Link type: Linking, Deduping or Both¶
Splink allows data to be linked, deduplicated or both.
Linking refers to finding links between datasets, whereas deduplication finding links within datasets.
Data linking is therefore only meaningful when more than one dataset is provided.
This guide shows how to specify the settings dictionary and initialise the linker for the three link types.
Deduplication¶
The dedupe_only
link type expects the user to provide a single input table, and is specified as follows
from splink.duckdb.linker import DuckDBLinker
settings = {
"link_type": "dedupe_only",
# etc.
}
linker = DuckDBLinker(df, settings)
from splink.spark.linker import SparkLinker
settings = {
"link_type": "dedupe_only",
# etc.
}
linker = SparkLinker(df, settings)
from splink.athena.linker import AthenaLinker
settings = {
"link_type": "dedupe_only",
# etc.
}
linker = AthenaLinker(df, settings)
from splink.sqlite.linker import SQLiteLinker
settings = {
"link_type": "dedupe_only",
# etc.
}
linker = SQLiteLinker(df, settings)
Link only¶
The link_only
link type expects the user to provide a list of input tables, and is specified as follows:
from splink.duckdb.linker import DuckDBLinker
settings = {
"link_type": "link_only",
# etc.
}
input_aliases = ["table_1", "table_2", "table_3"]
linker = DuckDBLinker([df_1, df_2, df_3], settings, input_table_aliases=input_aliases)
from splink.spark.linker import SparkLinker
settings = {
"link_type": "link_only",
# etc.
}
input_aliases = ["table_1", "table_2", "table_3"]
linker = SparkLinker([df_1, df_2, df_3], settings, input_table_aliases=input_aliases)
from splink.athena.linker import AthenaLinker
settings = {
"link_type": "link_only",
# etc.
}
input_aliases = ["table_1", "table_2", "table_3"]
linker = AthenaLinker([df_1, df_2, df_3], settings, input_table_aliases=input_aliases)
from splink.sqlite.linker import SQLiteLinker
settings = {
"link_type": "link_only",
# etc.
}
input_aliases = ["table_1", "table_2", "table_3"]

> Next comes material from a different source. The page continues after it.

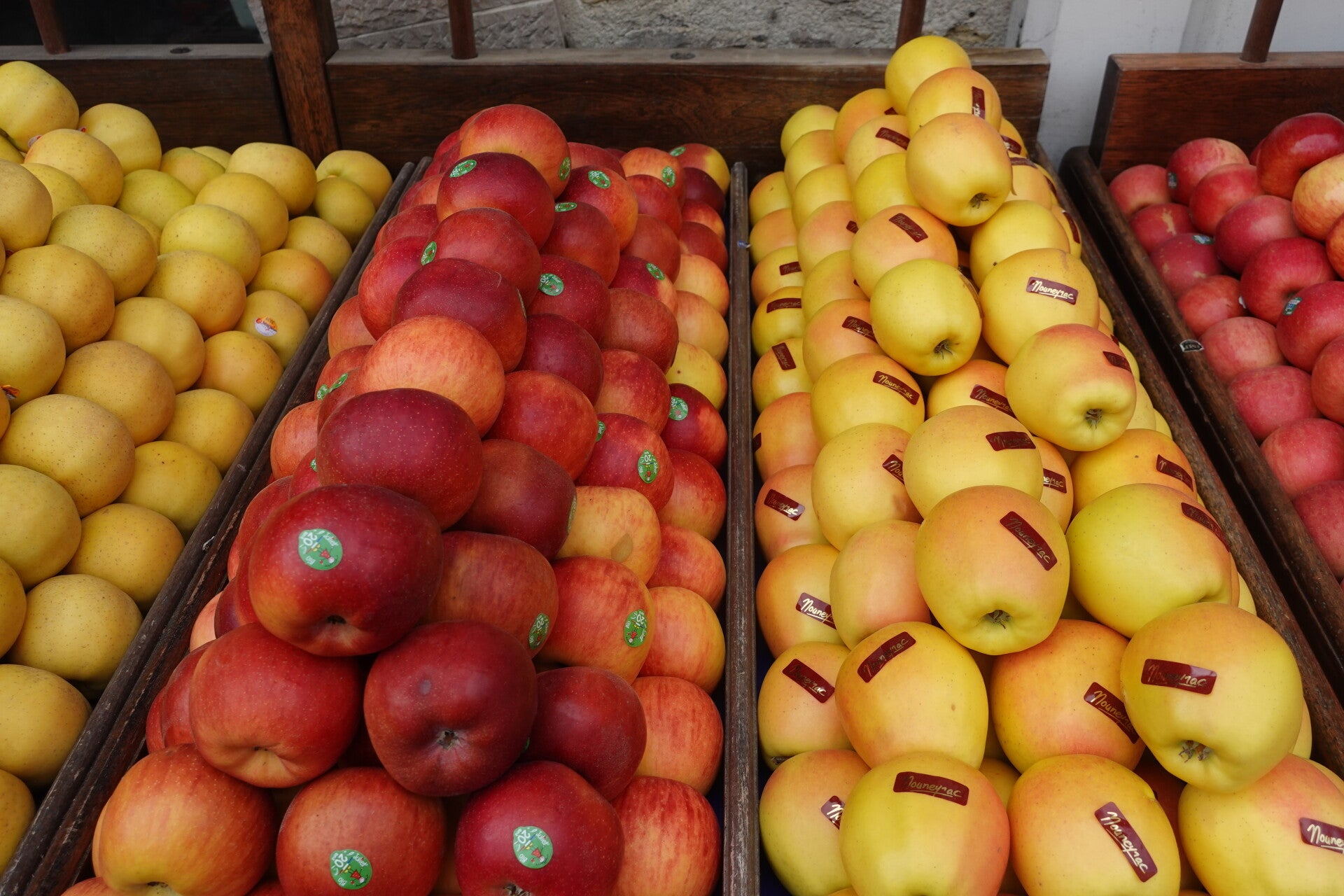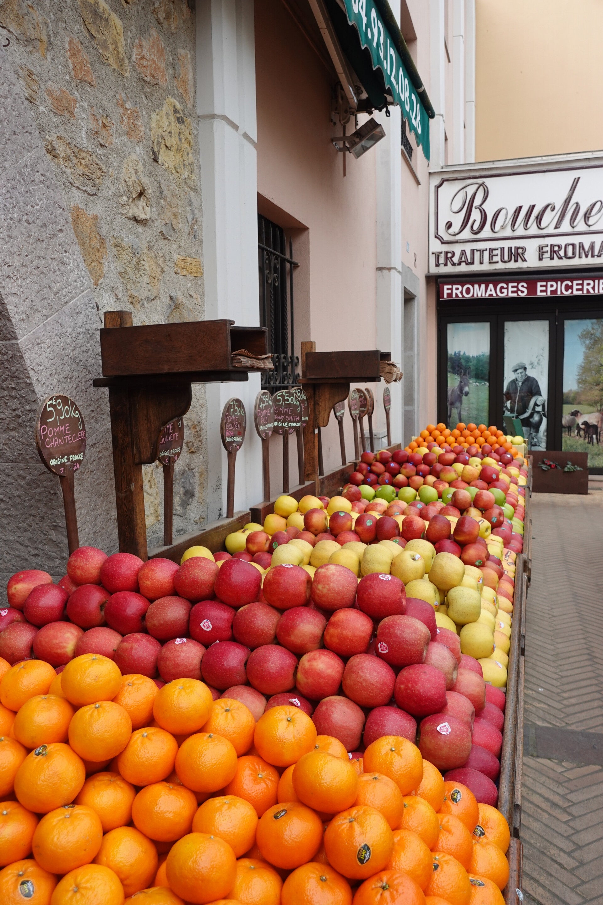 Wie dem auch sei, wir sind beim Gemüseladen „Dumanois Primeurs“ angekommen. Der Laden befindet sich in der Kleinstadt Valbonne in der Nähe von Antibes an der Côte d‘Azur. Schon von weitem weg fällt der kleine Laden auf: Vor dem Eingang stehen verschiedenste Tische auf denen sich Orangen und Äpfel stapeln. Daher Korrektur#1: Es ist nicht ausschließlich ein Gemüseladen, die verkaufen dort auch Obst. Da ist mir der Titel aber zu lang. Obst mag ich aber auch. Was ist jetzt das besondere an Tischen , auf denen sich Äpfel und Orangen stapeln? Sie stapeln sich wortwörtlich. Die Früchte sind alle pyramidenförmig aufgereiht und das in einer absolut peniblen Ordnung. Es fehlt keine Orange, kein Apfel um die Pyramide zu vervollständigen. Ich bin sofort fasziniert. Wie schaffen es die Verkäufer dort trotz des alltäglichen Geschäftstrubels die Struktur beizubehalten? Das muss ich mir näher anschauen. Ich gehe zu den Tischen und mir fällt auf, dass es nicht nur die Äpfel und Orangen sind, die geordnet darliegen: Die Weintrauben und Birnen sind alle mit demselben Abstand zueinander auf einer großen Platte angelegt, die Ananasse (vermutlich importiert) sind strukturiert nebeneinander aufgestellt und die Erdbeeren (tatsächlich nicht importiert (fragwürdig!)) sehen sowieso schick aus - es sind ja auch Erdbeeren, da muss man wenig machen. Beeindruckend, finde ich, und absolut mein Geschmack; nicht nur Nahrungsmittel-technisch.

linker = SQLiteLinker([df_1, df_2, df_3], settings, input_table_aliases=input_aliases)
The input_table_aliases
argument is optional and are used to label the tables in the outputs. If not provided, defaults will be automatically chosen by Splink.
Link and dedupe¶
The link_and_dedupe
link type expects the user to provide a list of input tables, and is specified as follows:
from splink.duckdb.linker import DuckDBLinker
settings = {
"link_type": "link_and_dedupe",
# etc.
}
input_aliases = ["table_1", "table_2", "table_3"]
linker = DuckDBLinker([df_1, df_2, df_3], settings, input_table_aliases=input_aliases)
from splink.spark.linker import SparkLinker
settings = {
"link_type": "link_and_dedupe",
# etc.
}
input_aliases = ["table_1", "table_2", "table_3"]
linker = SparkLinker([df_1, df_2, df_3], settings, input_table_aliases=input_aliases)
from splink.athena.linker import AthenaLinker
settings = {
"link_type": "link_and_dedupe",
# etc.
}
input_aliases = ["table_1", "table_2", "table_3"]
linker = AthenaLinker([df_1, df_2, df_3], settings, input_table_aliases=input_aliases)
from splink.sqlite.linker import SQLiteLinker
settings = {
"link_type": "link_and_dedupe",
# etc.
}
input_aliases = ["table_1", "table_2", "table_3"]
linker = SQLiteLinker([df_1, df_2, df_3], settings, input_table_aliases=input_aliases)
The input_table_aliases
argument is optional and are used to label the tables in the outputs. If not provided, defaults will be automatically chosen by Splink.